Pink pineapples, golden rice, the incredibly useful art of camoflauge, goats that climb trees and spit seeds, redesigning roadways to be less lethal to turtles, trying to keep the bees from collecting poisonous dust delibrately put on crop seeds, the rate of mutation for organisms slows down significantly as the timeframe of study gets longer, a fish that borrows the egg of another fish to clone itself, the first attempt at fighting celiac disease involved copious amounts of bananas, there aren't enough botique slaughterhouses to keep up with the demand for farm-to-table meats, using the mating calls of fish to prevent them from being caught as they're spawning, trying to give tomatoes their original flavors back, raising soil acidity may be a way of helping plants fight drought, wolves reared by humans show affection for those humans that rear them, using modified yeast to detect the presence of harmful fungi, a rather large extinction event brought about by natural climate change, how the dog biscuit came to have a bone shape, reintroducing proghorn antelope to the places where it once was, the spiders that are transfized by green light. And that can see the moon. And that JUMP. the likelihood of survival increasing for squirrels if they're born earlier in the year, stories in which pets protect their owners from abuse, mass marine extinctions that happened at the end of eras that humans hadn't noticed until recently, ice cream traditions from around the world, amounts of lead found in baby food, photographic species before they go away, letting neural networks name guinea pigs, and illustrating the idea of an octopus as a pet.

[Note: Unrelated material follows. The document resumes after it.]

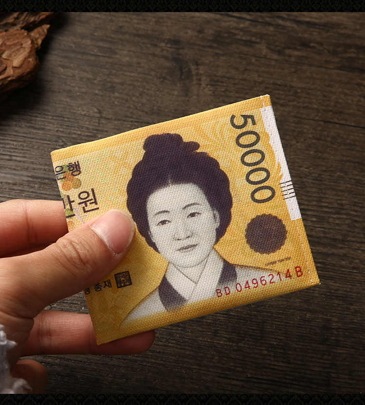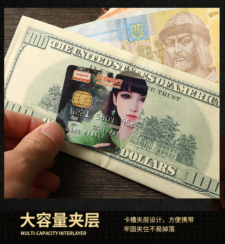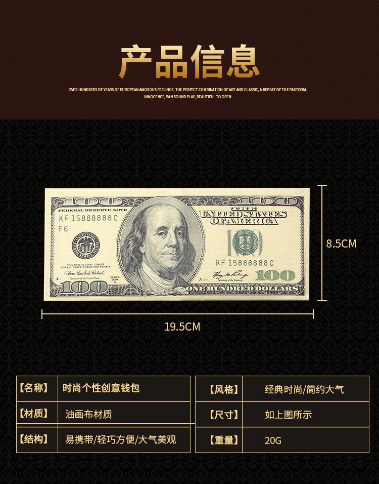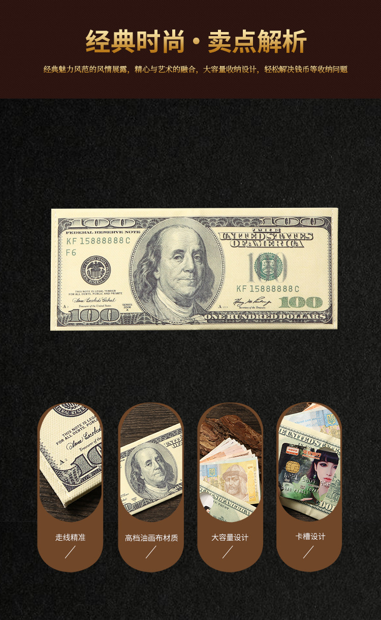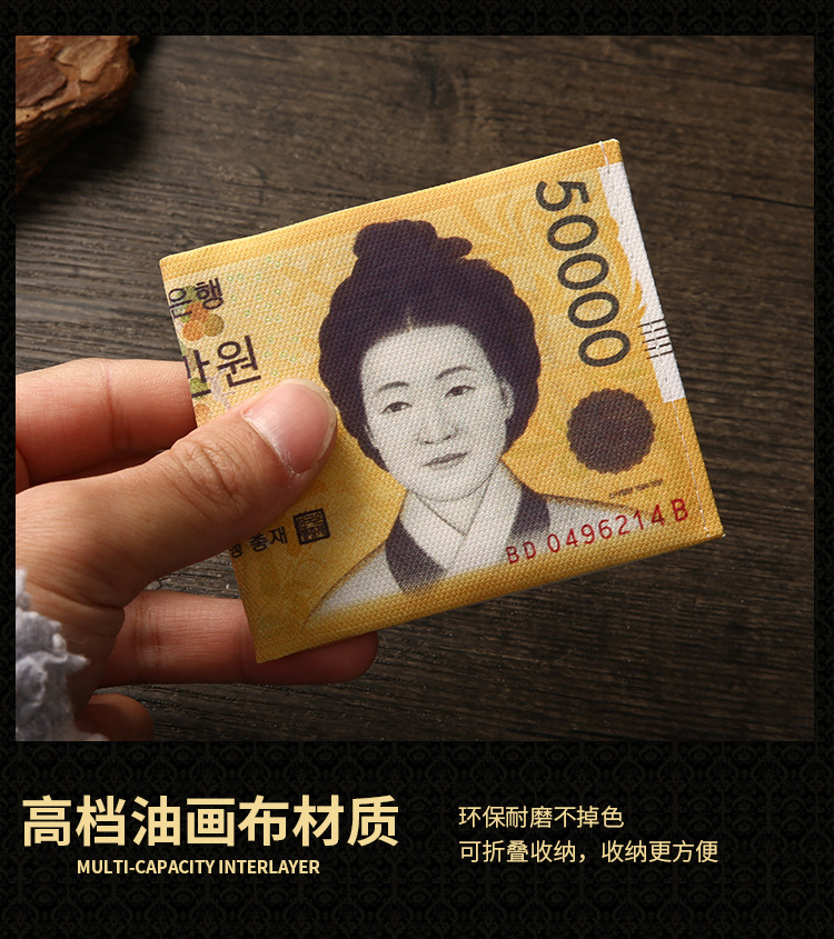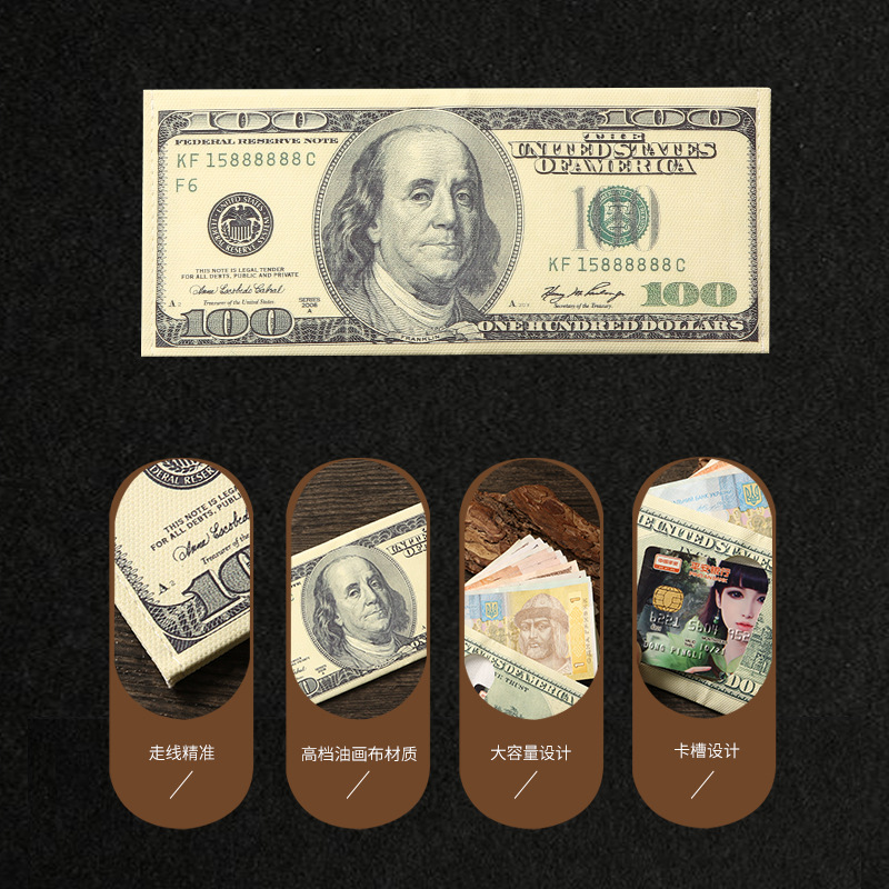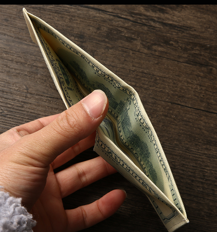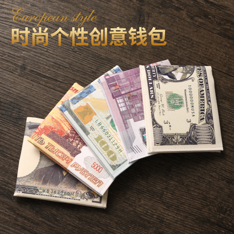 创意钱包男跨境美元印花各国钱币图案帆布短款钱夹卡包现货可定
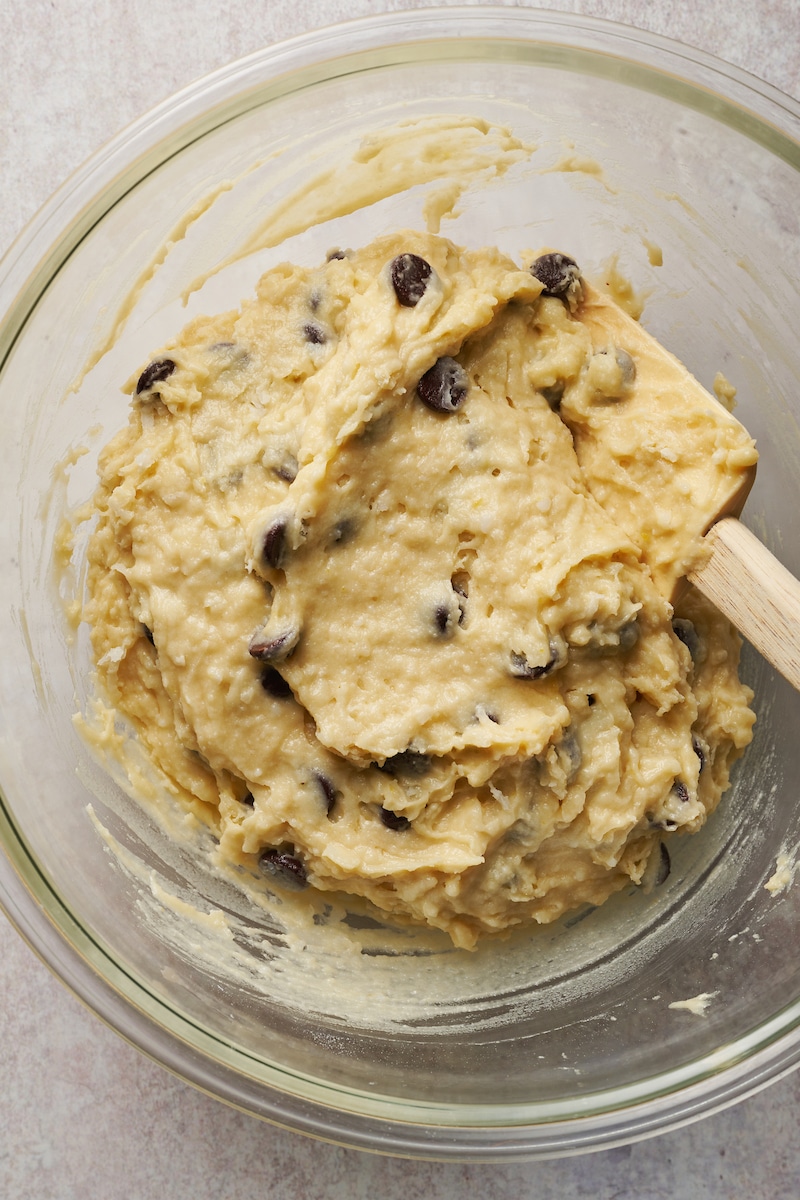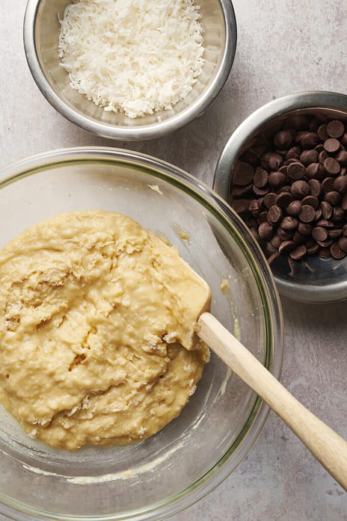 - Fold in the coconut and chocolate chips, mixing just until combined.

In technology, the keyboard enthusiasts looking to create the perfect keyboard (for them), pictures of Jupiter from Juno, bamboo as a construction material, a firm offering free retraining for coal miners to become wind turbine operators, which might be much appreciated to get them out of the mines before a resurgence in the black lung family of diseases gets them, using DNA to put an extinct ungulate in the right part of the phylogentic tree, the need for clinical trials of the possibility that intravenous vitamin C could be useful in clearing up sepsis infections, the possibility of being able to receive vaccinations by patch rather than injection, the presence of ashtrays as safety devices, despite the ban on smoking on flights, obtaining a refurbished otherwise completely too expensive camera from a person who was the expert on those cameras, and who also made it possible for astronauts to take exposures on Luna, trying to reproduce the method by which Romans built walls that got stronger in the sea, home beer creation used to be the province of women, taking a visit to track the plastic floating in the ocean, gathering information about the temperature drop experienced during solar eclipses, snapshots of midwifery around the world, using sneaker data as a calibration for tracking pollution in water with satellites, understanding that the statuary of antquity was likely decorated in all sorts of colors, and visualizing the difference between a printed subway map and the actual geography it covers.

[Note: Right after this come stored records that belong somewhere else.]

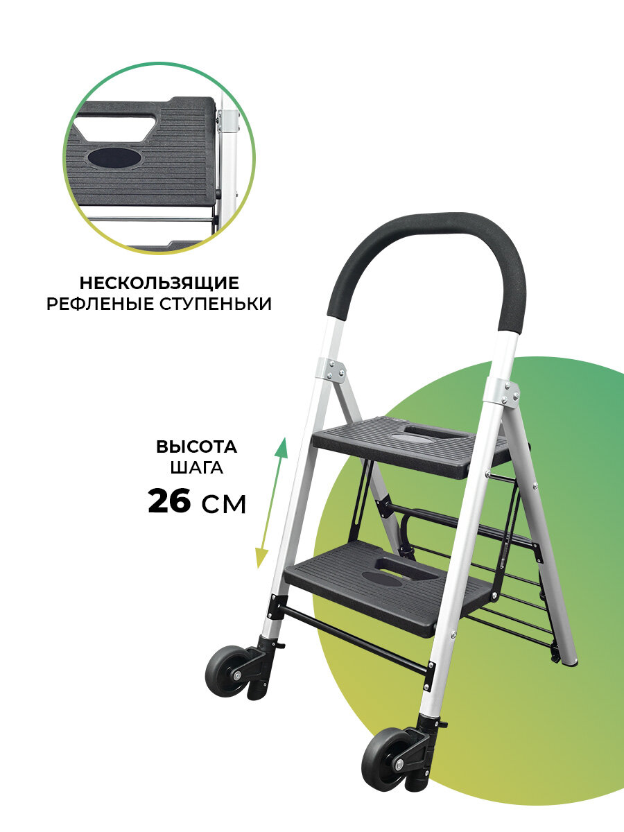 Купить Тележка грузовая складская со стремянкой 2 ступени для выкладки товара 60/130 кг для магазинов и супермаркетов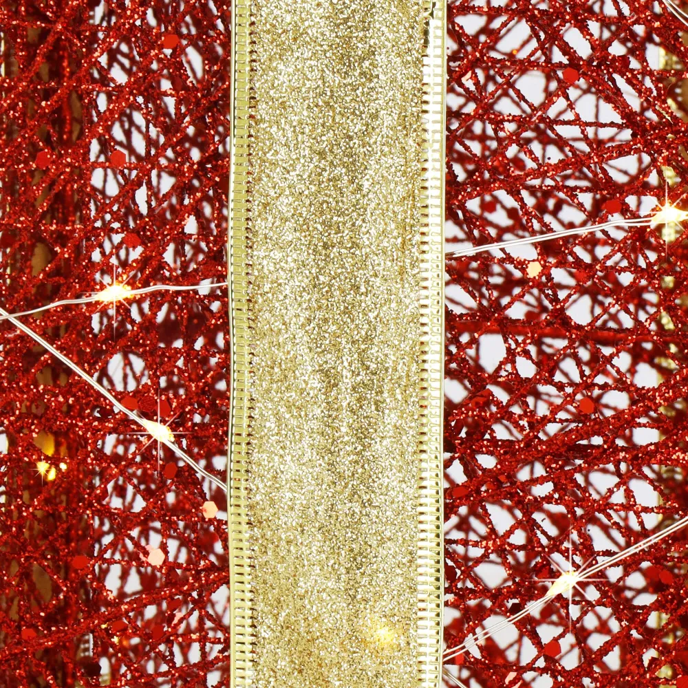 Drôtený prelamovaný dizajn je husto posiaty červenými trblietkami, ktoré podčiarkujú slávnostný vzhľad. Celkový dojem završuje nádherná zlatá stuha, ktorá obopína každý z darčekov a dodáva im luxusný nádych. Táto dekorácia je ideálna pre umiestnenie na okenný parapet, pod stromček, na poličku alebo kamkoľvek inam vo vašom domove, kde chcete navodiť vianočnú náladu. Perfektná voľba pre tých, ktorí si potrpia na štýl a eleganciu.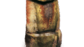 角耳に、六角に面取りされて裾が開き、下半七分までうずめた焦げもビードロ釉に包まれて光沢を放ち、ビードロ釉は左側面の赤い胎土にまじえて萌黄色を流してもいます。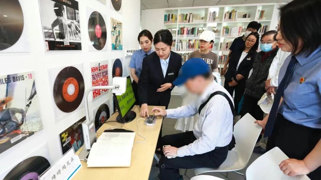 經(jīng)整改,圖書館各在一樓和三樓設(shè)有無障礙閱覽區(qū),增配大字版圖書和手指點(diǎn)讀發(fā)聲書,配置盲人專用電腦助視器、盲文點(diǎn)字顯示器、盲文有聲讀書機(jī)和放大鏡。打造有聲閱讀文化體驗(yàn)陣地“數(shù)智圖書館”,視障讀者只需使用數(shù)智耳機(jī)觸碰感應(yīng)相應(yīng)書卡和書籍,就能輕松接觸到千本好書的精華內(nèi)容,方便快捷地享受與普通人同等的閱讀權(quán)益。圖書館還設(shè)有無障礙通道、無障礙衛(wèi)生間、無障礙電梯,為視障、腿部殘疾等特殊人群提供安全便利全方位的出入保障。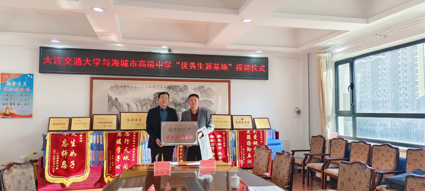 与海城市高级中学签署“优秀生源基地”共建协议,并举行授牌仪式。海城市高级中学校长杨成宇、海城市高级中学副校长宋心宇、海城市高级中学党委办公室主任刘佳赫、办公室主任邵昆,政教处主任谢琳,教务处主任王伦,日本三级片

Scientists are used to traveling with odd things, and then having to explain their science to the TSA when those odd things are flagged for inspection.
Fidget toys are supposed to help with neurodiversity. And yet all we seem to get are the perspectives of the neurotypical on their use.
Google doesn't want to have to do the work to determine whether it's being discriminatory toward women on matters of pay. Even though the time and cost would not really be all that burdensome to the company.
An Armenian composer whose scores captured the mountains of Armenia, sometimes tracing the peaks in his scores.
Marvel gets smart about not putting a black man in an ape costume for the Black Panther movie.
Governmental demonstrations of how not to use various incidiery and explosive devices.
Last for tonight, a video perspective of New York, from 1927 and 2017. Photographs of New York City from 1979.
The pin-up art of early-20th century Hogwarts. And also, because it deserves re-mentioning every time I come across it, the Disney Princesses as competent and capable engeineers.